【原文】

郭六,淮鎮農家婦。雍正甲辰、乙巳間,歲大饑。其夫度不得活,出而乞食於四方,瀕行,對之稽顙曰:“父母皆老病,吾以累汝矣。”婦故有姿,裏少年瞰其乏食,以金錢挑之,皆不應,惟以女工養翁姑。既而必不能贍,則集鄰裏叩首曰:“我夫以父母托我,今力竭矣。不別作計,當俱死。鄰裏能助我,則乞助我;不能助我,則我且賣花,毋笑我。”(裏語以婦女倚門為賣花。)鄰裏趑趄囁嚅,徐散去。乃慟哭白翁姑,公然與諸**子遊。陰蓄夜合之資,又置一女子,然防閑甚嚴,不使外人覿其麵。或曰,是將邀重價,亦不辯也。越三載餘,其夫歸,寒溫甫畢,即與見翁姑,曰:“父母並在,今以還汝。”又引所置女見其夫曰:“我身已汙,不能忍恥再對汝。已為汝別娶一婦,今亦付汝。”夫駭愕未及答,則曰:“且為汝辦餐。”已往廚下自剄矣。

縣令來驗,目炯炯不瞑。縣令判葬於祖塋,而不拊夫墓,曰:“不祔墓,宜絕於夫也;葬於祖塋,明其未絕於翁姑也。”目仍不瞑,其翁姑哀號曰:“是本貞婦,以我二人,故至此也。子不能養父母,反絕代養父母者耶?況身為男子不能養,避而委一少婦,途人知其心矣。是誰之過而絕之耶?此我家事,官不必與聞。”語訖而目瞑。

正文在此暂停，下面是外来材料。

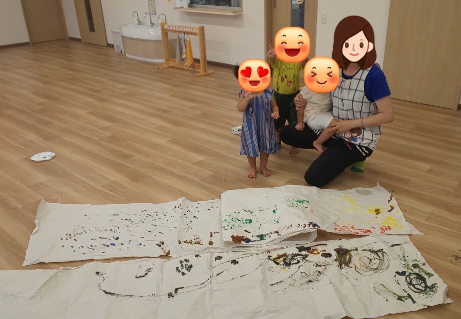 お歌や運動を楽しんだ後は、絵の具を使ってお絵描きをしました🎨
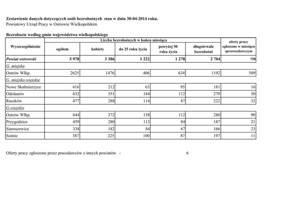 Zestawienie danych dotyczących osób bezrobotnych stan w dniu 30-04-2014 roku. Powiatowy Urząd Pracy w Ostrowie Wielkopolskim Bezrobocie wedáug gmin województwa wielkopolskiego Liczba bezrobotnych w koĔcu miesiąca Wyszczególnienie Powiat ostrowski ogóáem do 25 roku Īycia kobiety powyĪej 50 roku Īycia dáugotrwale bezrobotni oferty pracy zgáoszone w miesiącu sprawozdawczym 5 978 3 386 1 222 1 278 2 704 758 2625 1476 406 634 1192 509 Nowe Skalmierzyce 416 212 63 95 181 16 Odolanów 632 351 184 112 279 50 Raszków 477 288 114 87 222 32 Ostrów Wlkp. 644 372 158 112 280 90 Przygodzice 459 280 113 84 187 21 Sieroszewice 338 182 84 67 166 23 SoĞnie 387 225 100 87 197 11 G. miejska Ostrów Wlkp. G. miejsko-wiejskie G.wiejskie 752 Oferty pracy zgáoszone przez pracodawców z innych powiatów - 6

時人議論頗不一。先祖寵予公曰:“節孝並重也,節孝又不能兩全也。此一事非聖賢不能斷,吾不敢置一詞也。”

《如是我聞》

【譯文】

郭六,是個淮鎮農家女子。雍正甲辰(1724)、乙巳(1725)年間,痢大饑荒。她丈夫心想活不下去了,於是外出乞討,臨走的時候,屈膝下拜,磕買至地,對她請罪道:“我父母都已年老染病,隻能給你添麻煩了。”郭六原本長得頗有幾分姿色,鄉裏年輕人見她家缺糧少吃,常拿金錢來引誘她,都被她一口回絕,隻是幹些刺繡縫紉活來奉養公婆。過了段時間郭六實在養不活公婆了,就把鄉鄰召來,對他們叩首道:“我丈夫把公婆托付給我,現在我實在使不出力了。再不作別的打算,那我們全都要餓死了。眾鄉鄰能幫我一把,那就請幫幫我;如果不能幫我一把,那我隻好倚門賣笑了,請各位千萬別取笑我。”眾鄉鄰想過來卻徘徊不前,想說話又吞吐支吾,慢慢地都散開離去了。郭六大哭一場,把這想法都告訴了公婆,然後便公開與那些**輕佻的男人混在一起了。郭六暗地裏把賣身的錢蓄積起來,又買了個女子,但是防範甚嚴,決不讓外人見她一麵。有人說,郭六買的女子肯定要賣大價錢,郭六也不作辯解。過了三年多,她丈夫回來了,剛寒暄幾句,郭六就和丈夫一起去見公婆,對丈夫說:“父母都活得好好的,現在我把他們還給你。”又把所買的女子帶來見丈夫:“我身體已經不幹淨,不能不顧羞恥再伺候你了。我已經為你另娶了一個女子,今天也把她交給你。”丈夫驚愕之間還來不及回答,郭六就說:“我給你去做飯了。”說完就到廚房自盡了。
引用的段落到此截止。